I love Billy Bragg, his attitude, his on the sleeves politics, his music, everything about him. So I read his op-ed in today’s Times with interest.
In it he argues that Bebo, which may or may not have built it’s audience on the backs of artists who uploaded their music for free consumption, should have shared some of their $850mm payday with those artists.
I think that specific suggestion is not workable for a host of reasons, but his basic point – that creative artists (whether they be musicians, filmmakers, screenwriters, painters, poets, etc, etc) need a way to make money online and they don’t have one – is directionally correct.
Some of my favorite bloggers have already weighed in on the discussion. Arrington in his classic in your face fashion feels no sympathy and argues that online is the best promotion that an artist can find in today’s world. Mike is right, but the problem is "promoting what?" Merch and touring hardly cuts it and the loss of music sales hurts everyone, including the artist.
Nick Carr, predictably, takes the opposing view and says:
arguments to the contrary are ultimately specious and self-serving.
Exploitation is exploitation, no matter how lovingly it’s wrapped in
neo-hippie technobabble about virtual communities, social production,
and the gift economy.
I am tired of the arguments, no matter who is making them. It’s time to help these artists get paid. There is a royalty structure in place for streaming music. It’s a penny per listen for on demand and about a tenth of that for something less than "on demand".

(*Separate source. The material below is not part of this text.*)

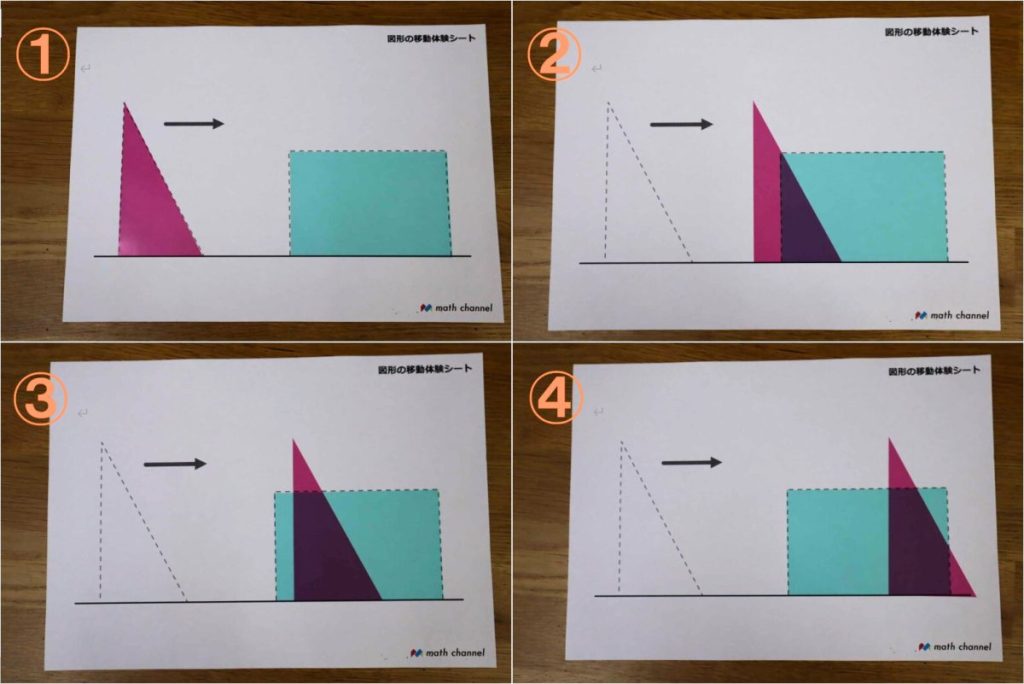 平面図形の問題として出てくる「図形の重なり」は黒板の板書だと2枚の図形がどう重なっているのか分かりにくいことが。そこで100円ショップで手に入る、カラーセロハンで形を再現し、重なりを視覚化。実際に動かしながら形の変化を見ていくとよりわかりやすくなります。

These rates aren’t right and need some tweaking, but I am firmly in the camp that royalties can and should be paid to artists for the streaming of their music on the Internet. I’d pay them if it were easy to do so. I stream artist’s music all the time on this blog and my tumblog. But I don’t know how many streams are played, I don’t know how much I owe, there’s no easy way for me to pay it, there’s no easy way for me to share my ad revenue with them, etc, etc. As far as I know, if I wanted to pay $1000 right now to the artists, there isn’t even anyone to take my money and send it to the artists.
Who is going to build the infrastructure the artists and the web services need? Who is going to deploy it at the micro-scale that most mp3 blogging happens?
The music industry is all about demanding to get paid, but I don’t see them building the systems to make it happen easily and within the constraints of what an online business model can pay.
I know one thing for sure. Artists, particularly musicians, are entertaining people more and more every day because of the Internet. Entrepreneurs are building a host of great ways to discover and listen online. And if there were an easy and affordable way to cut the artists in for a piece of the action, most would do it in a heartbeat. It shouldn’t be necessary to wait for the $850mm payday to get paid.